I often ask my female mentees and my women’s studies students how often they’ve been on the receiving end of a “Don’t make the same mistakes I did” lecture from an older woman. At least three-quarters of the class invariably raise hands or nod. I follow up: “How often was this advice centered around relationships?” Almost all keep their hands up. Most girls learned what Lynn Phillips calls the “Love Hurts” discourse from older women by the time they hit puberty. A great many young women, particularly those with aunts and older sisters, were told time and again “Don’t believe anything a man says”; “Get an education before you settle down so you don’t have to rely on a man”; “Don’t do what I did and waste your heart and your time on a fool”. And so on, and so on, and so on. Much of the advice given is wise, at least in part: it is good, surely, to encourage our daughters to pursue education and to at least be somewhat leery of what teenage boys promise. Even Lewis offers some sensible points, noting that love and relationships ought not to be entirely neglected by the young and the ambitious.

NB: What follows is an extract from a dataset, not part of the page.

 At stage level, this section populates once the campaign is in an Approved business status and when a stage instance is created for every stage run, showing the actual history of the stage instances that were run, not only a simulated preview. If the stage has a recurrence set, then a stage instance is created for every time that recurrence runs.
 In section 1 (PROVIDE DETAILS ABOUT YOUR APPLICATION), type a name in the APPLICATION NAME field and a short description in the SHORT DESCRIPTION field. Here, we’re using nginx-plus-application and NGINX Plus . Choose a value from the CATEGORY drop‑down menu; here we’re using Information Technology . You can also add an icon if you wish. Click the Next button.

The “Don’t do as I did, do as I say” discourse is an old one. And Lewis is firmly within that tradition, writing like nothing so much as a spinster aunt out of a nineteenth-century novel (only in that world is 36 “old” for a woman). She wants her younger sister to not let a good opportunity pass by, and not allow the “good ones” to slip away. Lewis is following firmly in the footsteps of Lori Gottlieb, who wrote a ridiculous paean in favor of “settling” a year or so ago, but she belongs to a much older tradition, even older than the era of Dickens and Austen: that of the not-so-old, not-as-insightful-as-she-thinks-she-is aunt or sister figure who dispenses warnings to young women who are, she imagines, just like she was not so long ago. What’s so toxic about this discourse is that it purports to offer assistance to the young, but ends up teaching another lesson altogether: women are invariably architects of their own unhappiness. To be a woman is to suffer, and the only satisfaction that comes as a result of all of that suffering (whether that suffering came from cheating husbands — or, as in Lewis’ case, the absence of a husband) is the chance to issue dire warnings to a new generation of impressionable and idealistic young women. Call it the “Love Hurts” discourse, or the “Feminism turned out to be a crock” discourse if you like, but it’s really part of something else: the “Women don’t know what’s good for them” discourse.

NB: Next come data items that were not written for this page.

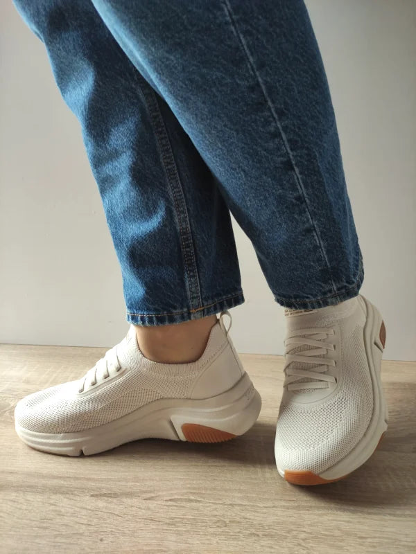 Material: Textil Culoare: Off White (Crem) Înălțime totală a pantofului: 12 centimetri Grosimea tălpii: 5 cm Stil: Pantofi sport Tip închidere: Slip-on Detalii: Brant Memory Foam pentru confort adaptat, design modern cu detalii contrastante pe talpă, material respirabil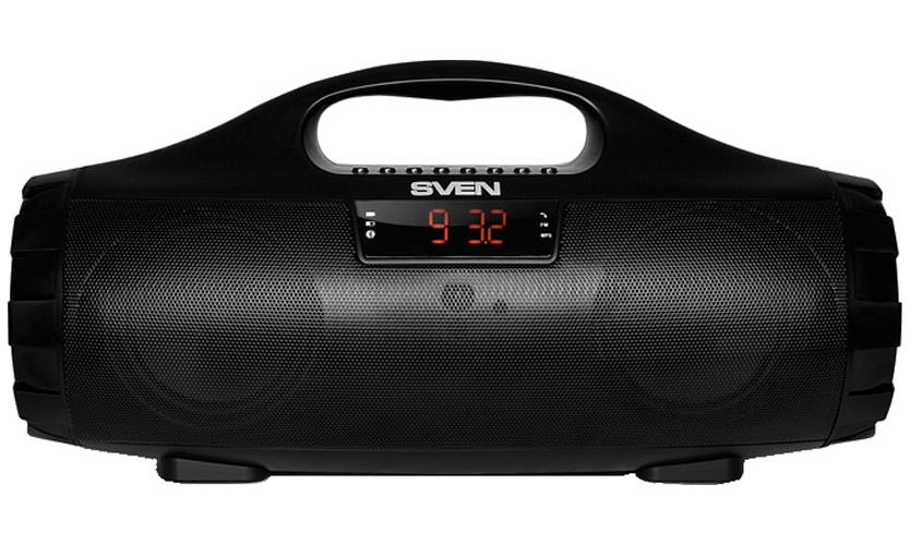 Conception profilée et arrondie avec poignée arrière intégrée. Ses caractéristiques sont similaires à celles du SVEN PS-460. Il présente des dimensions plus petites (34,6 x 15,1 x 13,2 cm), un haut-parleur de 66 mm et un subwoofer avec un haut-parleur de 93 mm. Reproduit une gamme de fréquences plus large - 60–20 000 Hz. La batterie 6000 mAh offre 6 heures de temps de travail. La puissance totale est de 34 watts. Pèse plus - 2,38 kg.
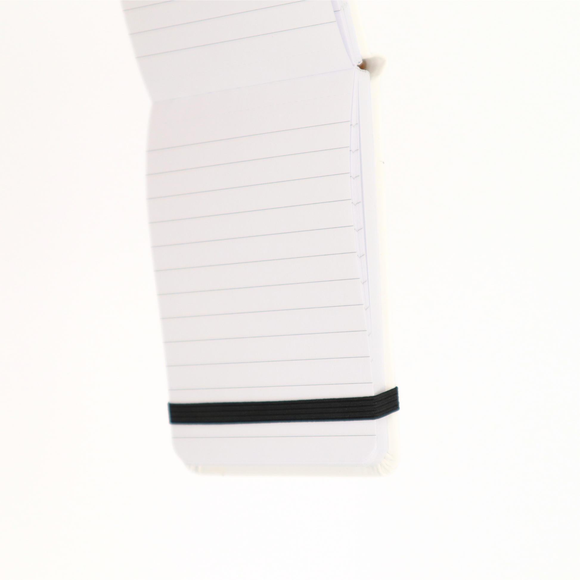 Half the pages are lined and half are unlined. It has an elastic band attached to keep the notebook closed.

I don’t doubt that Zoe Lewis is well-intentioned. The young women I work with who “mentor” their even younger-sisters by offering cautionary tales from their own “mistakes” are, I’m quite sure, also well-meaning. But they ought to know better; as humans, we learn far more effectively from what our elders actually did than from what they didn’t do. The purpose of telling the young about one’s fuck-ups, in other words, is not to discourage them from making the same mistake, but to show them positive steps for overcoming the most painful consequences of what they did. My stories about my drug addiction, for example, are useless in terms of teaching a young person not to try drugs. My story of recovery, on the other hand, has the potential to be genuinely helpful. That’s true for all of us, men and women alike, and it’s true whether the subject is addiction or sex or career or marriage. Contrary to what our culture claims, we learn very little from the errors of others. We only learn from the way in which they dealt with those errors. This is a message missing from the stories told by Lewis or Gottlieb or any of the current generation of thirty- and forty-something women getting book deals and stage plays based upon their desire to lament both their own mistakes and the larger “failure” of feminism itself.

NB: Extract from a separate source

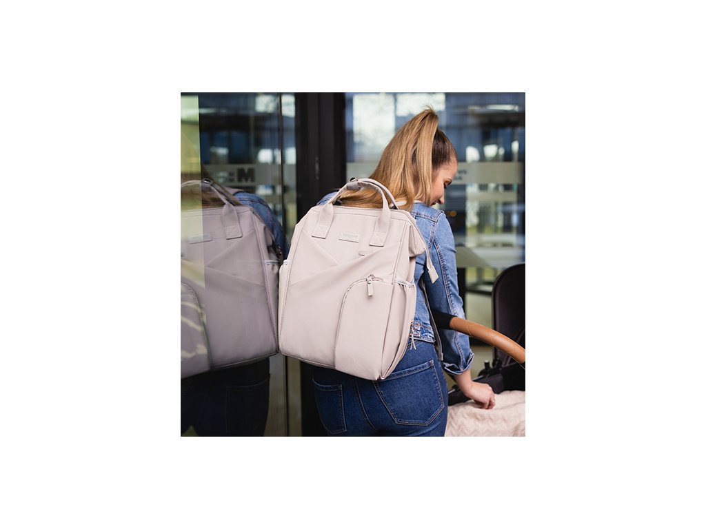 Moderný batoh pre rodičov v elegantnom štýle je dokonalým spoločníkom pre každodenné výzvy. Spája kompaktné rozmery s výnimočnou priestrannosťou a originálnym dizajnom. Ideálny pre milovníčky minimalizmu a prehľadnej organizácie. Vďaka priestrannosti sa doň zmestí všetko potrebné – plienky, fľaše, knihy, tablet aj drobnosti. Vo vnútri sa nachádza až 12 praktických vreciek, ktoré vám pomôžu udržať poriadok vo všetkom, čo potrebujete pre seba alebo bábätko.Vlastnosti:
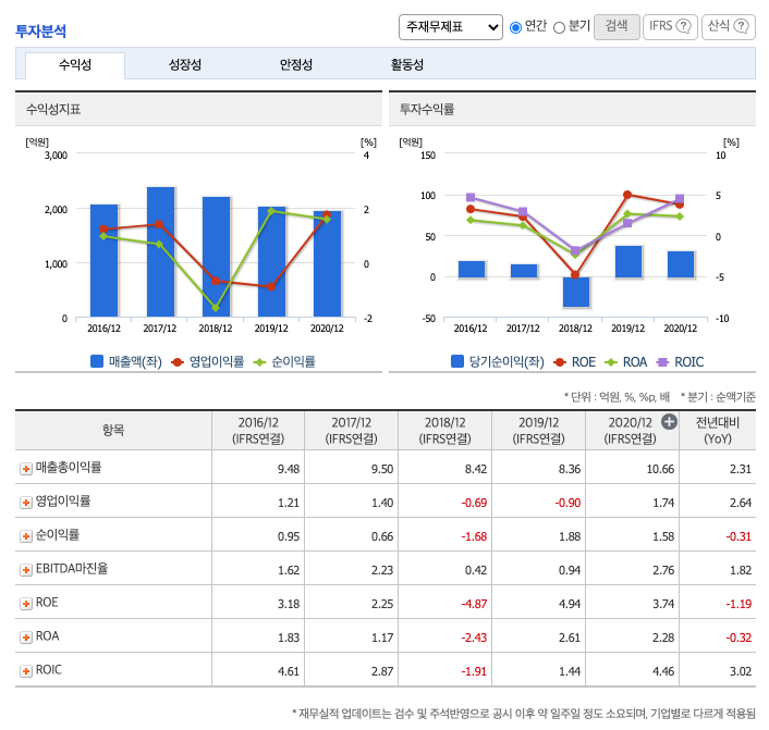 영업이익률 : 2016년 약 1.21억원, 2017년 약 1.4억원, 2018년 약 -0.69억원, 2019년 약 -0.9억원, 2020년 약 1.74억원으로 증가하였습니다.

It’s absolutely true that we live in a world where the sexual double standard is still, sadly and astonishingly, alive and well. It’s absolutely true that women have a smaller fertility window than men. It’s absolutely true that even the most modern of societies have failed to provide the child-care, family leave, and social assistance options that would allow women to more easily avoid the choice between motherhood and career. And it’s absolutely true that we’ve done a piss-poor job of encouraging young men to embrace family responsibility and to assume an equal share of household burdens. In other words, there is plenty to lament and plenty of work to be done. But Zoe Lewis misdirects her frustration. Rather than encouraging her younger sister and her peers to fight harder for a more woman-friendly society, to fight harder for a culture of male accountability, she encourages acquiescence to what she wrongly sees as biological truths: men are easily intimidated by strong women, all women really just want love and babies, and the sooner you find the right dude and get knocked up, the better. And all of this dubious advice is cloaked in the self-pitying, self-critical garb of the “Love Hurts and Women are Their Own Worst Enemies” discourse. It’s a sham, and a dangerous one.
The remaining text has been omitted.